TASK TO CARRY OUT — With the pictures left out, write out exactly the lines of the listing below that run from the line with "- Sala de estar com lareira elétrica" through the line with "Jahangir (1605-1627 AD), silver".

DATA FOR THIS TASK —
_ _ _ _ _ _ _

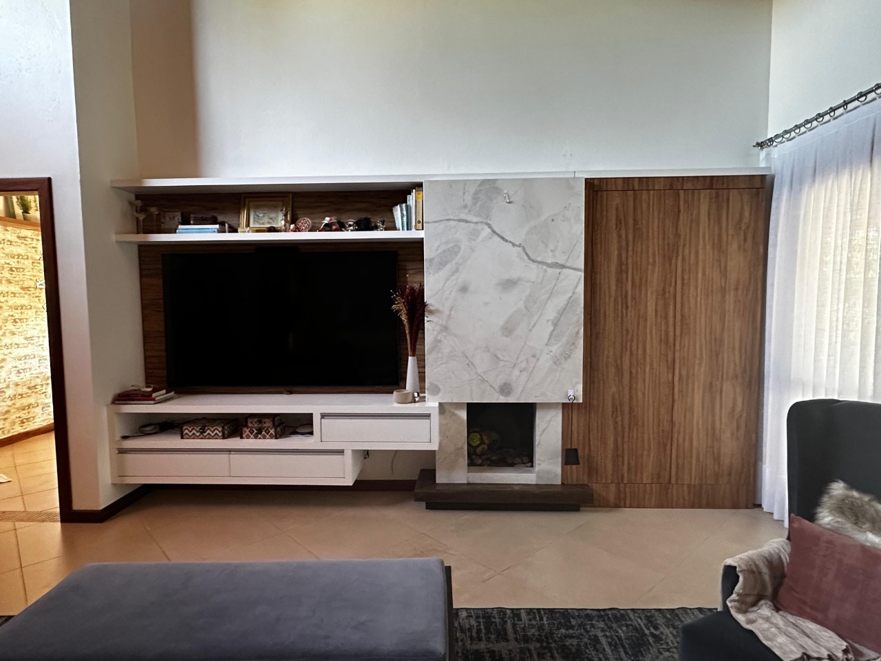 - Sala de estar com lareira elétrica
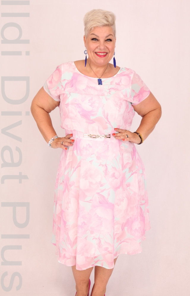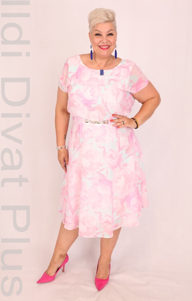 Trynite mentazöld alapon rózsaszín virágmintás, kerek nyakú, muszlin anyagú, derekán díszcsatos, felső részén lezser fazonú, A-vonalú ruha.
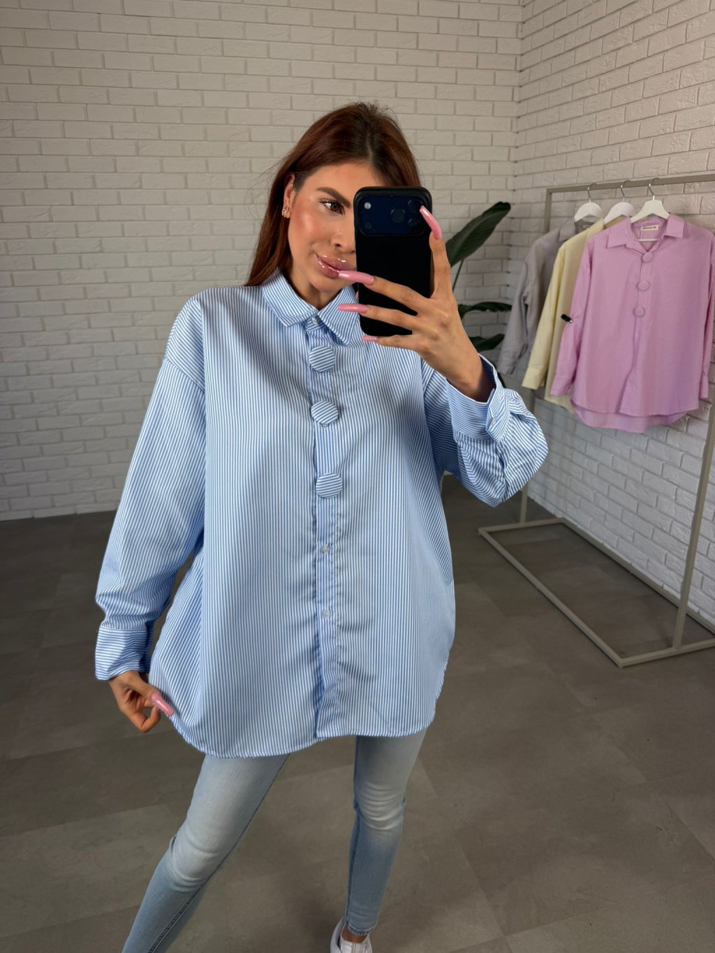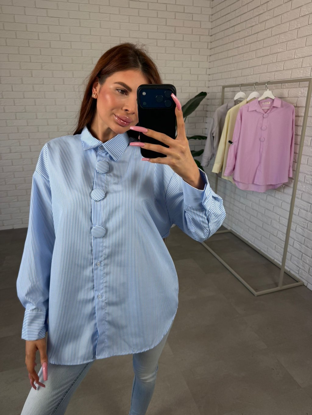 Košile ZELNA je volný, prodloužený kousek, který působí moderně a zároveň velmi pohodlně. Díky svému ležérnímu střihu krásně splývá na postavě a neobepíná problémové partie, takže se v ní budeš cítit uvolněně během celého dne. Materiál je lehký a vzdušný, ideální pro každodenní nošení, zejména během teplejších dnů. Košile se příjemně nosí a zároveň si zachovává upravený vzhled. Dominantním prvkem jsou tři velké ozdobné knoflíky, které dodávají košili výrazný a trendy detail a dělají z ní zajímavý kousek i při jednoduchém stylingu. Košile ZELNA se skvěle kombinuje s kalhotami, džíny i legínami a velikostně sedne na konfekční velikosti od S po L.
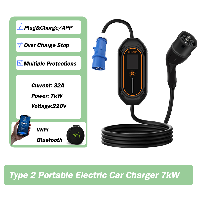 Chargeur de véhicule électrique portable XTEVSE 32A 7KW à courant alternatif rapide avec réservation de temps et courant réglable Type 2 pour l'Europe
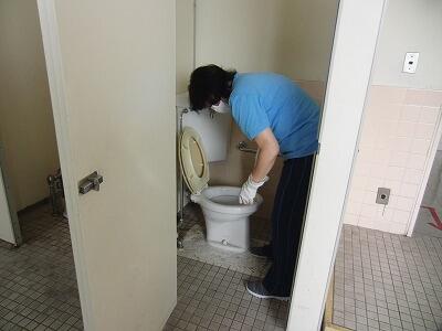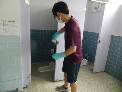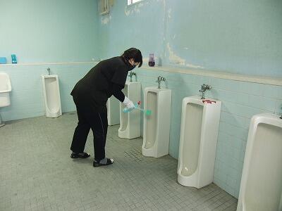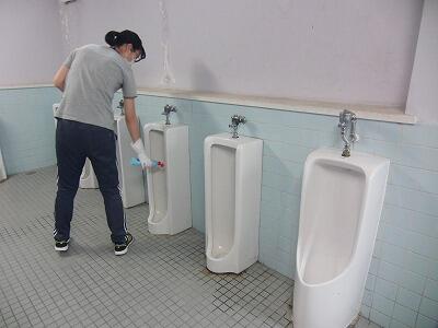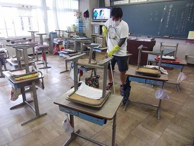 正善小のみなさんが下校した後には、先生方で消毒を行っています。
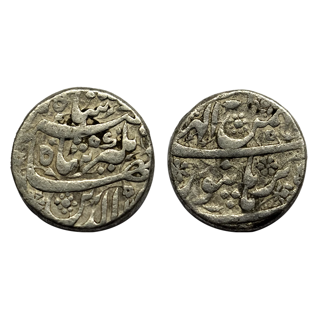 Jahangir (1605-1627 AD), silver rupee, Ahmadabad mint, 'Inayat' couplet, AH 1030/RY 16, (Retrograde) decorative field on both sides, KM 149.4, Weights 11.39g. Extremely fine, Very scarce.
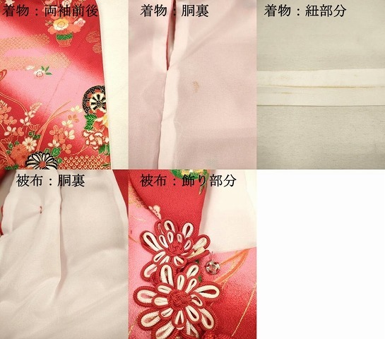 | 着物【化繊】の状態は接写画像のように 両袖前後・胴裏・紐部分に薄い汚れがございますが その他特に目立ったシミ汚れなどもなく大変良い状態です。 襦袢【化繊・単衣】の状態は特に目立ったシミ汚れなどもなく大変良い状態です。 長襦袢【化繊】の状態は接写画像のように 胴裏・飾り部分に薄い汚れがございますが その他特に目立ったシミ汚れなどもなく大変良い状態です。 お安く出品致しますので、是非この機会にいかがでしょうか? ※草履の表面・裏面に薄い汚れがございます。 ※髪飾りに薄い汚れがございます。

_ _ _ _ _ _ _

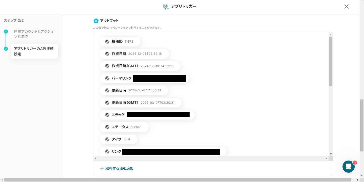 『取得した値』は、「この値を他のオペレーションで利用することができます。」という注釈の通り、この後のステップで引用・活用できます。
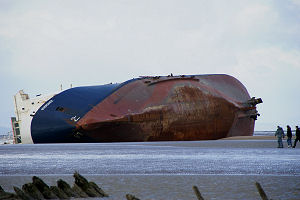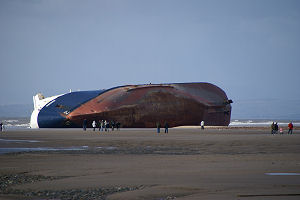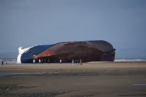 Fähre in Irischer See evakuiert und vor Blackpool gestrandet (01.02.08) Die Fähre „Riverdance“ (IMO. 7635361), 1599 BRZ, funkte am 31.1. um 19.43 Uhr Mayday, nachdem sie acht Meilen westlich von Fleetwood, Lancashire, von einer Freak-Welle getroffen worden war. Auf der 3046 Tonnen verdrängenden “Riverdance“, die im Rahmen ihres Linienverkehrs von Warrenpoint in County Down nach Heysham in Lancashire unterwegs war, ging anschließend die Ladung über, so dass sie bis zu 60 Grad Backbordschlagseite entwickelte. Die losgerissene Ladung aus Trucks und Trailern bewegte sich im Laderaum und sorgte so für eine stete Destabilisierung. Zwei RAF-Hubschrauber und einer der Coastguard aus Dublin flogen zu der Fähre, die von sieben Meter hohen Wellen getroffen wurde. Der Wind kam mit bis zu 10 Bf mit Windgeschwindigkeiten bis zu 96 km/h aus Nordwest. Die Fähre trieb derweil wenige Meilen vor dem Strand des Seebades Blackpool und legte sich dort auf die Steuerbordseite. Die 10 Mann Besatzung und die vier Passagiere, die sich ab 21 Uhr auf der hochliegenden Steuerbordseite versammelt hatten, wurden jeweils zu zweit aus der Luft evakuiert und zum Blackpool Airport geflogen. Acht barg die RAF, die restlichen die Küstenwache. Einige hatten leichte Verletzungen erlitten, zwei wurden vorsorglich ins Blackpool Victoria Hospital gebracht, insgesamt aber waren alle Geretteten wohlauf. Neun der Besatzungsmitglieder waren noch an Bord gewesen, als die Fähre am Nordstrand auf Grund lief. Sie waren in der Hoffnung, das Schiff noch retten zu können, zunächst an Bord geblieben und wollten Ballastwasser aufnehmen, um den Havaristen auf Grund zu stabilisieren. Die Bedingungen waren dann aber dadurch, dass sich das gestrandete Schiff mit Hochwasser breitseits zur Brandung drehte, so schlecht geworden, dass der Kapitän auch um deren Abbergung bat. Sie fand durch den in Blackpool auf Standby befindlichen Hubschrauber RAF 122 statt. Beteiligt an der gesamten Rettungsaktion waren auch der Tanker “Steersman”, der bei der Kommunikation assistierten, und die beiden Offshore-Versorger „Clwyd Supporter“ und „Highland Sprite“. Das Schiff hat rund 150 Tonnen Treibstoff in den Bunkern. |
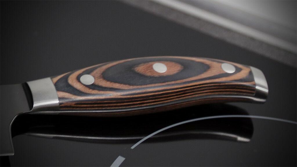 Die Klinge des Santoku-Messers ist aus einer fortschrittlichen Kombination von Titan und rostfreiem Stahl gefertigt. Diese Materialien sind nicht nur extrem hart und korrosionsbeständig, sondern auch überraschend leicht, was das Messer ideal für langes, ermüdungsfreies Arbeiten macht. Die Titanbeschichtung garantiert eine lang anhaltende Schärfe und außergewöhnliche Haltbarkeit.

_ _ _ _ _ _ _

PROBLEM SOLUTION —
 - Sala de estar com lareira elétrica
 Trynite mentazöld alapon rózsaszín virágmintás, kerek nyakú, muszlin anyagú, derekán díszcsatos, felső részén lezser fazonú, A-vonalú ruha.
 Košile ZELNA je volný, prodloužený kousek, který působí moderně a zároveň velmi pohodlně. Díky svému ležérnímu střihu krásně splývá na postavě a neobepíná problémové partie, takže se v ní budeš cítit uvolněně během celého dne. Materiál je lehký a vzdušný, ideální pro každodenní nošení, zejména během teplejších dnů. Košile se příjemně nosí a zároveň si zachovává upravený vzhled. Dominantním prvkem jsou tři velké ozdobné knoflíky, které dodávají košili výrazný a trendy detail a dělají z ní zajímavý kousek i při jednoduchém stylingu. Košile ZELNA se skvěle kombinuje s kalhotami, džíny i legínami a velikostně sedne na konfekční velikosti od S po L.
 Chargeur de véhicule électrique portable XTEVSE 32A 7KW à courant alternatif rapide avec réservation de temps et courant réglable Type 2 pour l'Europe
 正善小のみなさんが下校した後には、先生方で消毒を行っています。
 Jahangir (1605-1627 AD), silver rupee, Ahmadabad mint, 'Inayat' couplet, AH 1030/RY 16, (Retrograde) decorative field on both sides, KM 149.4, Weights 11.39g. Extremely fine, Very scarce.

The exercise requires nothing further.